What you have to do = Provide again, from the entries below, every line from the one containing "Here is the" through the one containing "Hazms 293 Pcs", exactly as written, and no other line.

**** Material shown

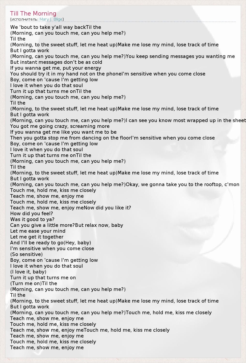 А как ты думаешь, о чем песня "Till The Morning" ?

********
**** Material shown

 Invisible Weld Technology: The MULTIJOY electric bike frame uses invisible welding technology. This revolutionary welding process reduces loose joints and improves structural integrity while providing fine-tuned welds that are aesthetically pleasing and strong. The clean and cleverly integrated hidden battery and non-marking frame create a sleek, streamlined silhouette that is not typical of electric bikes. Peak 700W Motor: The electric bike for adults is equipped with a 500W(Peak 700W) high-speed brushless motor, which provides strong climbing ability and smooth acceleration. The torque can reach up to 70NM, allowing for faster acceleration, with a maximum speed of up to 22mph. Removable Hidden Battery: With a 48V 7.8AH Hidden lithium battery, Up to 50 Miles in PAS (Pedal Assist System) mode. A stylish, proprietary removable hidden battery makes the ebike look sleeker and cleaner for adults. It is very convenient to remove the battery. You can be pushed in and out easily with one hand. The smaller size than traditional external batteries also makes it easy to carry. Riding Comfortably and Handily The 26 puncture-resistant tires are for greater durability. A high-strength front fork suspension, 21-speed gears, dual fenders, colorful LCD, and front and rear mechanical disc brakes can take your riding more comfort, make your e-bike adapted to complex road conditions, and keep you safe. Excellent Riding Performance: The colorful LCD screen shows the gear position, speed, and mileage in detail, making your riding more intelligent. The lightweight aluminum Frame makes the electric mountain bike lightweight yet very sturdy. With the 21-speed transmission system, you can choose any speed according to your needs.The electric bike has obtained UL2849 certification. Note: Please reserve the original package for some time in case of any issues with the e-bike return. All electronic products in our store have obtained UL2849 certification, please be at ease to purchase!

********
**** Material shown

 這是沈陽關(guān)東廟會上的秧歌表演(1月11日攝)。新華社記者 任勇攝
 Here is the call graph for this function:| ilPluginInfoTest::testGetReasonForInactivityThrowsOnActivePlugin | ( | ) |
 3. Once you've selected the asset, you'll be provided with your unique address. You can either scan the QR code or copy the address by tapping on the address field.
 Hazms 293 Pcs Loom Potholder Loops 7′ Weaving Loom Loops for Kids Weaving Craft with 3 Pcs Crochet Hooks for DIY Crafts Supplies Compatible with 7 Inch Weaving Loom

********

Solution to this problem =
 Here is the call graph for this function:| ilPluginInfoTest::testGetReasonForInactivityThrowsOnActivePlugin | ( | ) |
 3. Once you've selected the asset, you'll be provided with your unique address. You can either scan the QR code or copy the address by tapping on the address field.
 Hazms 293 Pcs Loom Potholder Loops 7′ Weaving Loom Loops for Kids Weaving Craft with 3 Pcs Crochet Hooks for DIY Crafts Supplies Compatible with 7 Inch Weaving Loom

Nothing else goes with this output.